Tues 3/15 – Our flight wasn’t until 2:30pm, so we had plenty of time for cleanup. Justin started feeling very ill around 10am. His Crohn’s can often equal diarrhea, but this was different than Crohn’s. We landed and got settled at the hotel in Anchorage by 7pm, but he couldn’t keep any food down. So I convinced him to let me take him to the hospital Wednesday. They ran all sorts of tests—giardia, e coli, salmonella, norovirus—and couldn’t pinpoint it and said he’d just have to let it run its course through his system. It wasn’t until later that I came down with the same bug, as well as Dan & Dave, the 2 other trail crew peeps. We all guess it came from the dogs, but they are too cute to stay mad at.
Like I said, it was AH-mazing to be a part of the shenanigans. It’s nothing short of a logistical nightmare flying people, dogs, food and supplies to all the remote checkpoints on time through all weather. There are literally 1000s of volunteers behind the scenes making it happen and it’s nearly unbelievable.
The other thing to note, the sled dogs love their job!

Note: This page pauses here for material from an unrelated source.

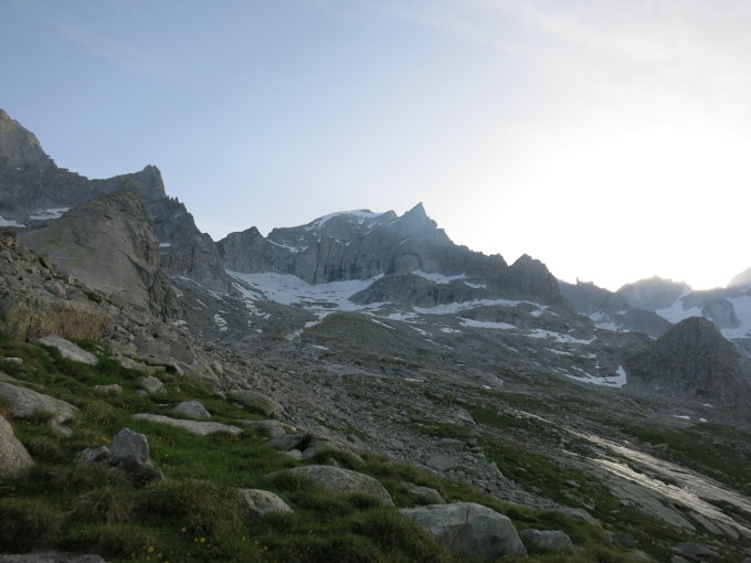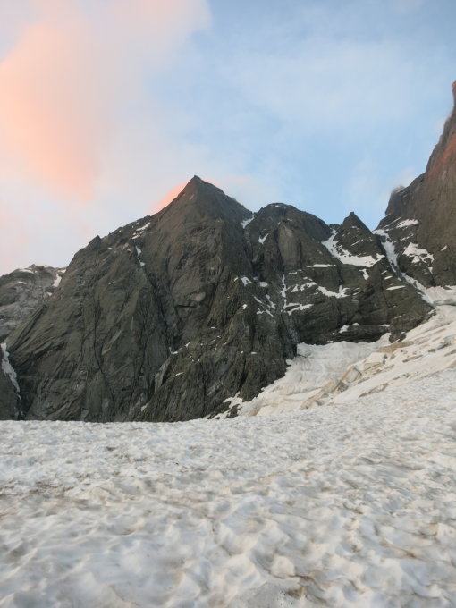 Verhältnisse im gesamten Gebiet recht gut, es gibt zwar noch Schnee, aber der stört nicht. Zustieg über den Gletscher z.Z. super zu machen, wenn man die richtige Linie trifft nur Gehgelände (am besten rechts an der mittleren Bruchzone vorbei und darüber zur Wand queren). Randspalte z.Z fast nicht vorhanden, super einfach in den Fels zu kommen. Wir sind links der markanten Rinne (eher ein Wasserfall im Moment) über einfaches gestuftes Gelände eingestiegen. Sehr nass und z.T brüchig wie Keks. Nach ein paar Seillängen wird der Fels dann immer besser und schnell fängt der Genuss an! dann bis zum Firnfeld in Gipfelnähe tolle Kletterei in genialem Fels. Keine Sorge wegen der Linienfindung, ab halber Wandhöhe kann man in mehreren Linien in recht ähnlicher Schwierigkeit klettern, als wir das erst mal raus hatten und nicht bei jeder Seillänge schauen mussten ob wir richtig sind wars richtig lässig. Oben dann Firnfeld, auf dem man den extrem brüchigen Grataufbau rechts umgehen kann und dort auf den Normalweg stößt. Weiterweg in sehr weichem Schnee kein Problem. Abstieg bis auf ein paar Schneefelder aper und gut zu gehen, im Kar unterm Cengalo tolles Abfahren auf Sommerschnee.

They might look lean, but they are 4-legged beasts. There are multiple vets at each checkpoint making sure the dogs are healthy enough to continue. And if a dog doesn’t want to pull a sled, he/she simply will not pull the sled. And the mushers love their dogs. One observation: the mushers take better care of the dogs than they do themselves. If a musher spent 5 hours at our checkpoint, at least 3 of those were spent getting the dogs fed and bedded down for a rest, massaging the dogs’ paws when they wake up and putting on new booties, and all other dog care. The musher will eat something, repair any gear and maybe rest, but it’s all about the dogs.
Now, will we learn to love the smell of wet dogs? No. But how could you not fall in love with those piercing white & blue eyes and fat tongues hanging out of the crease of their mouth? We’ll be back again next year, Iditarod.